PROVIDED DATA =

------------------------

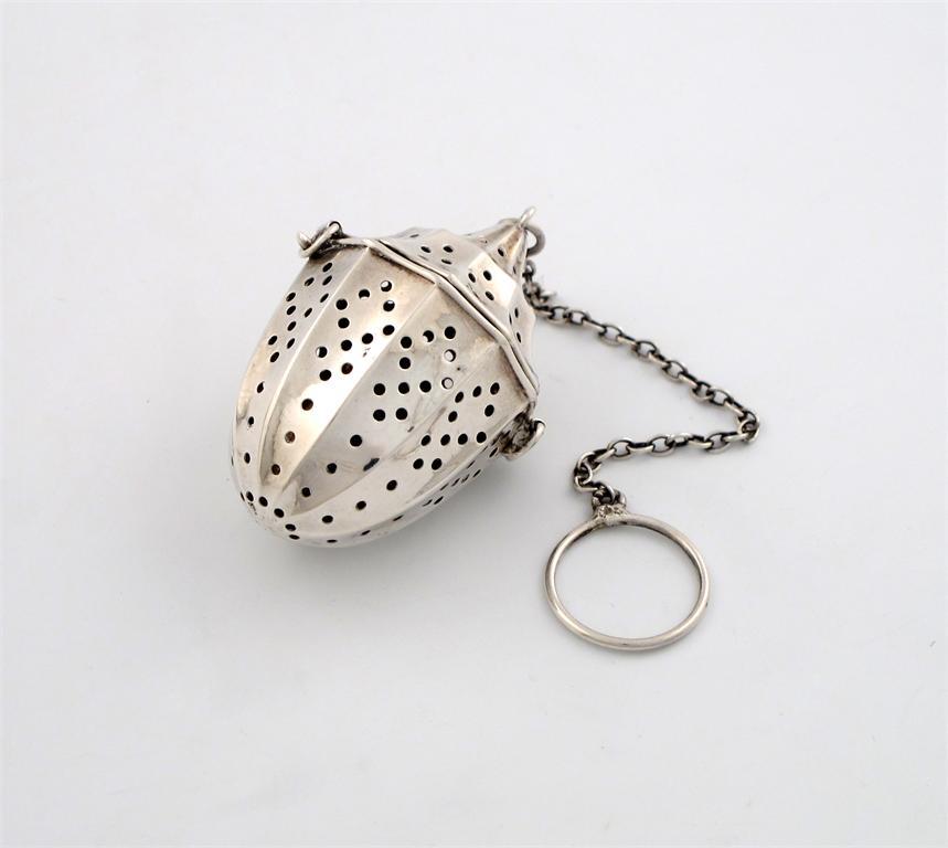 An American silver tea infuser, panelled urn form, hinged cover with a chain and finger ring, height 5.5cm.
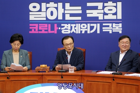 이해찬 대표(사진 가운데)는 “대선과 지방선거를 책임질 중요한 지도부를 뽑는 전당대회”임을 강조하고 “상대 후보에 대한 네거티브 없는 아름다운 경선”을 부탁했다. 이 대표는 “지난 주말에 기록적인 폭우로 부산 등 남부 지역에 피해가 있었다”며 “정부는 피해 복구에 총력 대응하는 한편 상습 침수 지역에 대한 대책 마련에도 힘써주시기를 바란다”고 당부했다. 이해찬 대표는 “지금 남북미 관계가 경색된 상황이다”고 지적하고 “이런 때일수록 대북정책의 공백이 최소화되도록 통일부 장관과 국정원장이 조속히 임명돼야 한다”는 점을 강조했다. 오늘(27일)부터 7월 국회의 상임위원회가 본격적으로 가동한다. 김태년 원내대표는 이와 관련 “일하는 국회법, 코로나 방역 강화 입법, 부동산 입법까지 국민을 위한 입법 과제가 줄줄이 기다리고 있다”며 “야당도 코로나 위기 극복과 국민의 삶을 챙기는 데 머리를 맞대고 최선을 다해 줄 것”을 당부했다. 김 원내대표는 “민주당은 7월 국회에서 국민의 주거 안정을 실현하기 위해 부동산 입법을 반드시 완수하겠다”며 “시장에 넘치는 유동성이 부동산 가격만 밀어 올리는 부작용을 막기 위해 생산적인 투자처를 만들어야 한다”고 강조했다. 김태년 원내대표는 “7월 국회에서 다주택자와 법인에 대한 종부세, 양도세 등을 강화하는 세법과 임대차 3법 처리를 최우선 민생 과제로 추진하겠다”고 밝히고 “미래통합당 등 야당도 7월 국회에서 국민의 주거 안정을 위한 부동산 법안이 반드시 처리될 수 있도록 협력해주시기를 당부드린다”며 야당의 협조를 촉구했다.
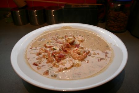 – env 1 kg de crevettes crues (fraîches ou décongelées, plus facile)

------------------------

Without any pictures, output exactly the lines from the start of the material through the line that contains "이해찬 대표(사진 가운데)는", and only those.

SOLUTION BELOW =
 An American silver tea infuser, panelled urn form, hinged cover with a chain and finger ring, height 5.5cm.
 이해찬 대표(사진 가운데)는 “대선과 지방선거를 책임질 중요한 지도부를 뽑는 전당대회”임을 강조하고 “상대 후보에 대한 네거티브 없는 아름다운 경선”을 부탁했다. 이 대표는 “지난 주말에 기록적인 폭우로 부산 등 남부 지역에 피해가 있었다”며 “정부는 피해 복구에 총력 대응하는 한편 상습 침수 지역에 대한 대책 마련에도 힘써주시기를 바란다”고 당부했다. 이해찬 대표는 “지금 남북미 관계가 경색된 상황이다”고 지적하고 “이런 때일수록 대북정책의 공백이 최소화되도록 통일부 장관과 국정원장이 조속히 임명돼야 한다”는 점을 강조했다. 오늘(27일)부터 7월 국회의 상임위원회가 본격적으로 가동한다. 김태년 원내대표는 이와 관련 “일하는 국회법, 코로나 방역 강화 입법, 부동산 입법까지 국민을 위한 입법 과제가 줄줄이 기다리고 있다”며 “야당도 코로나 위기 극복과 국민의 삶을 챙기는 데 머리를 맞대고 최선을 다해 줄 것”을 당부했다. 김 원내대표는 “민주당은 7월 국회에서 국민의 주거 안정을 실현하기 위해 부동산 입법을 반드시 완수하겠다”며 “시장에 넘치는 유동성이 부동산 가격만 밀어 올리는 부작용을 막기 위해 생산적인 투자처를 만들어야 한다”고 강조했다. 김태년 원내대표는 “7월 국회에서 다주택자와 법인에 대한 종부세, 양도세 등을 강화하는 세법과 임대차 3법 처리를 최우선 민생 과제로 추진하겠다”고 밝히고 “미래통합당 등 야당도 7월 국회에서 국민의 주거 안정을 위한 부동산 법안이 반드시 처리될 수 있도록 협력해주시기를 당부드린다”며 야당의 협조를 촉구했다.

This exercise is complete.